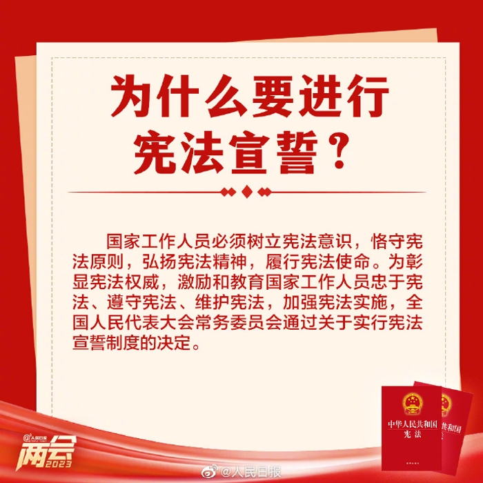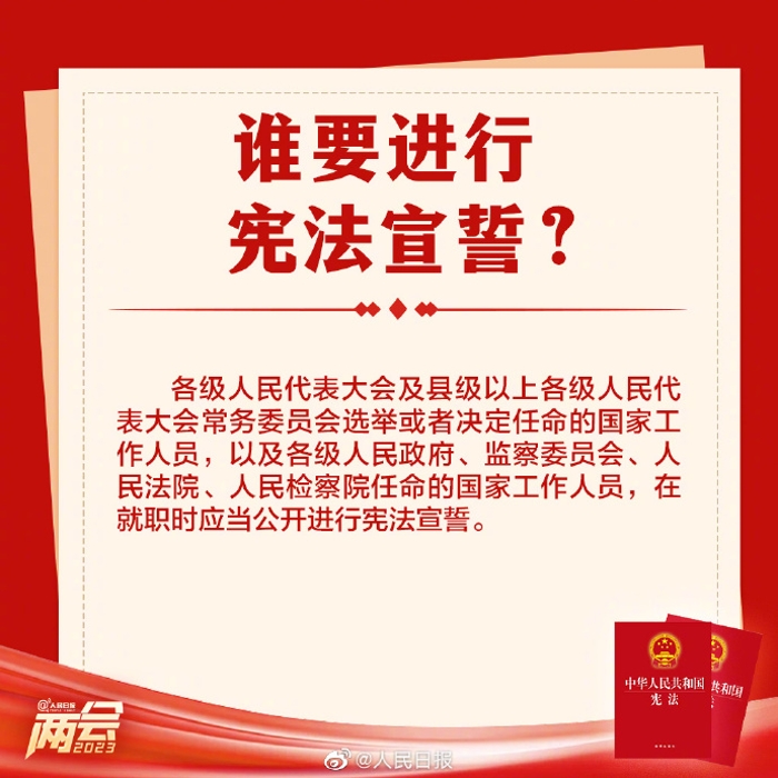 3月10日上午,十四屆全國人大一次會議舉行憲法宣誓儀式。為什么要進行憲法宣誓?宣誓儀式怎樣進行?對宣誓場所有何規(guī)定?關(guān)于憲法宣誓的9個知識點,了解一下。
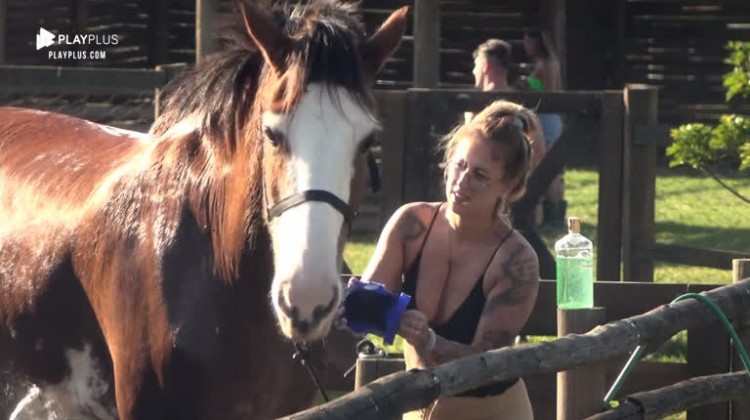 Nesta terça-feira (1º), o sol brilhou forte em A Fazenda . Sendo assim, os peões deram um banho refrescante no cavalo Lion.
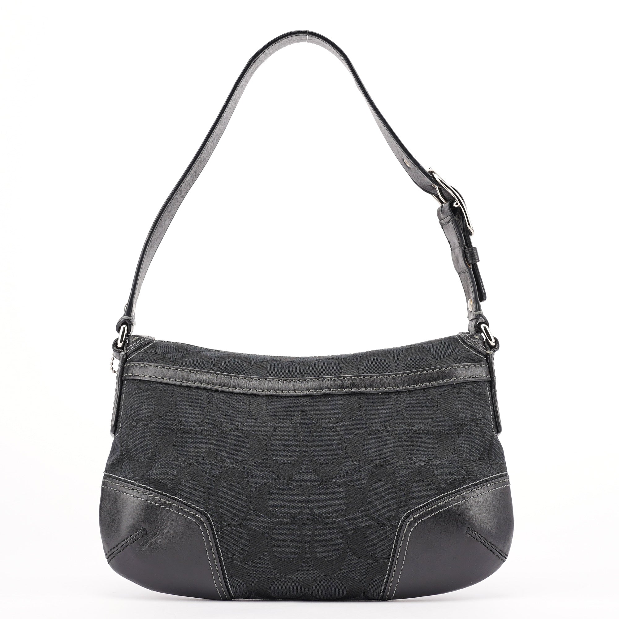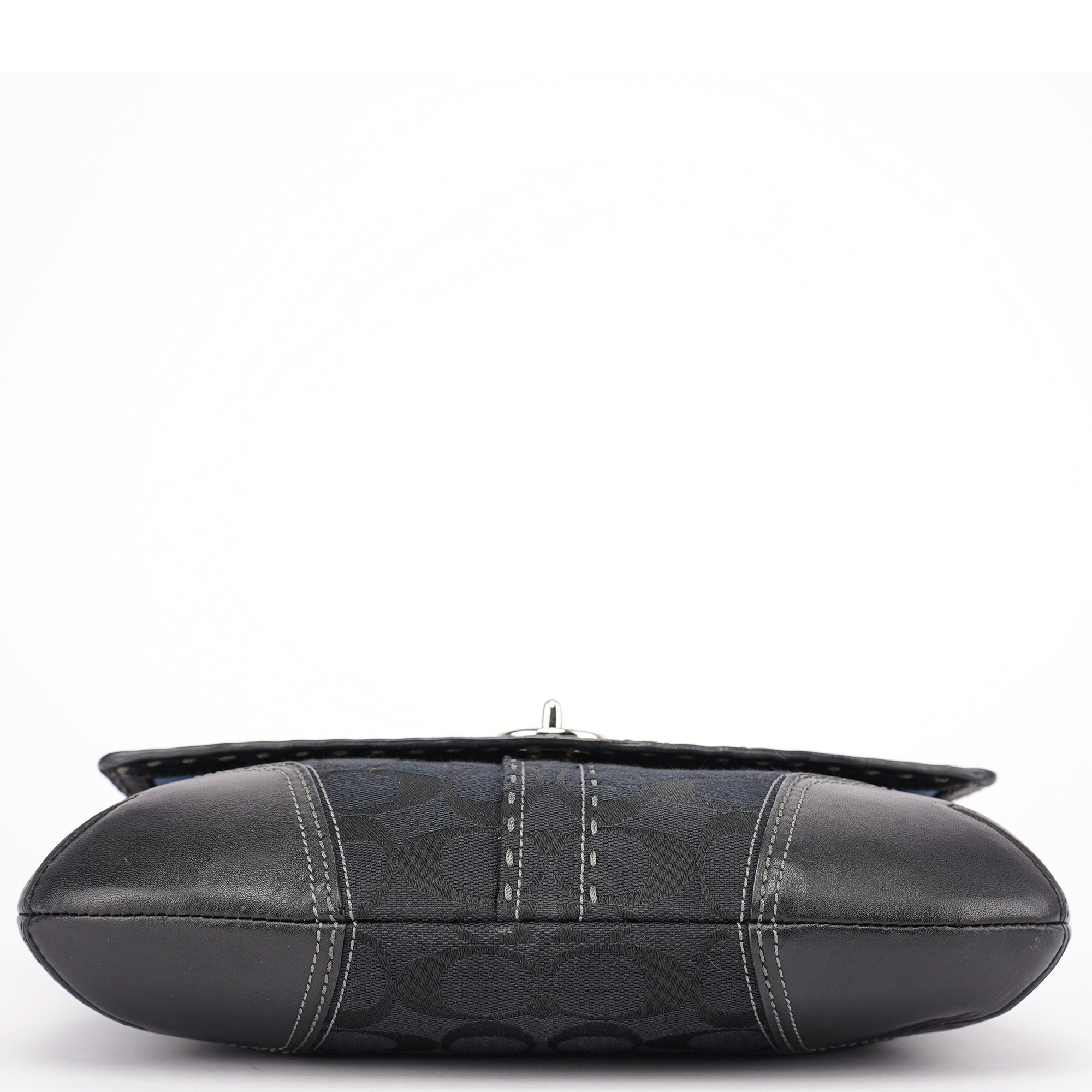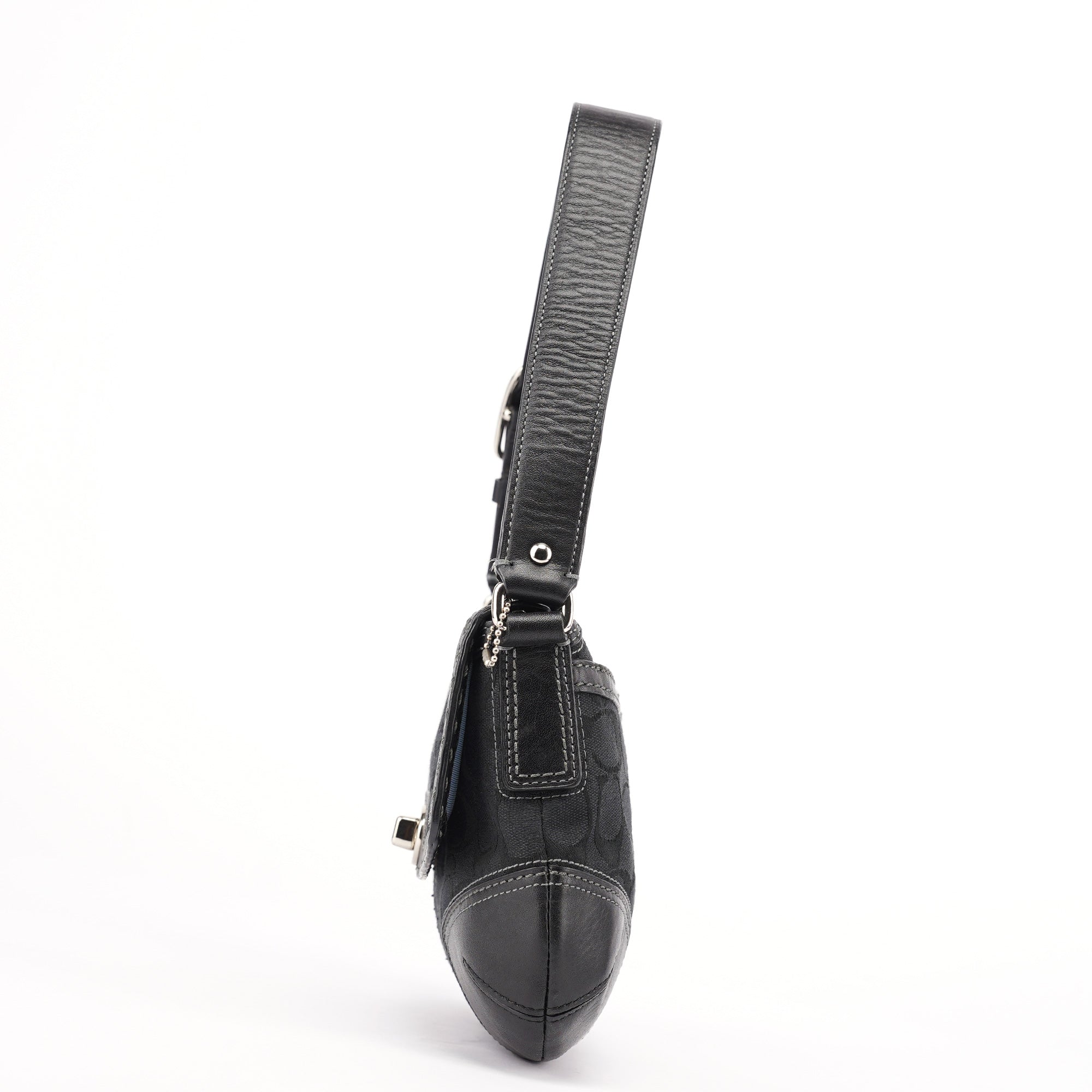 Designed in the early 2000s by Coach, this Coach Soho black jacquard flap bag features the brand’s signature monogram canvas with tonal leather trim and contrast stitching. The structured silhouette is finished with silver-tone turn-lock hardware, a single flat strap, and reinforced corners for durability. The interior is lined in pale blue fabric and includes a zip pocket for secure storage.
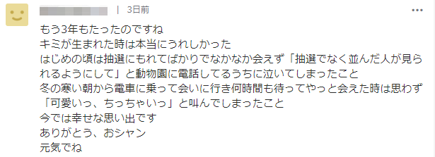 也有日本网友在社交媒体上回忆起去看“香香”的快乐时光:在冬天寒冷的早晨坐电车去见你,等了好几个小时之后终于看到了你的样子,不由自主地叫到:“好可爱,好小啊......”现在依然是幸福的回忆!谢谢你,一定要保重。
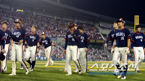 | 두산 선수들이 20일 라이벌 LG에 충격의 패배를 당한 뒤 그라운드를 빠져나오고 있다. 잠실=조병관 기자 rainmaker@sportschosun.com |

##########

_WORK TASK_
Only the lines from the one with "Nesta terça-feira (1º), o" through the final line of the entries belong in the answer, set down exactly, with both ends included and no pictures.

_EXPECTED ANSWER_
 Nesta terça-feira (1º), o sol brilhou forte em A Fazenda . Sendo assim, os peões deram um banho refrescante no cavalo Lion.
 Designed in the early 2000s by Coach, this Coach Soho black jacquard flap bag features the brand’s signature monogram canvas with tonal leather trim and contrast stitching. The structured silhouette is finished with silver-tone turn-lock hardware, a single flat strap, and reinforced corners for durability. The interior is lined in pale blue fabric and includes a zip pocket for secure storage.
 也有日本网友在社交媒体上回忆起去看“香香”的快乐时光:在冬天寒冷的早晨坐电车去见你,等了好几个小时之后终于看到了你的样子,不由自主地叫到:“好可爱,好小啊......”现在依然是幸福的回忆!谢谢你,一定要保重。
 | 두산 선수들이 20일 라이벌 LG에 충격의 패배를 당한 뒤 그라운드를 빠져나오고 있다. 잠실=조병관 기자 rainmaker@sportschosun.com |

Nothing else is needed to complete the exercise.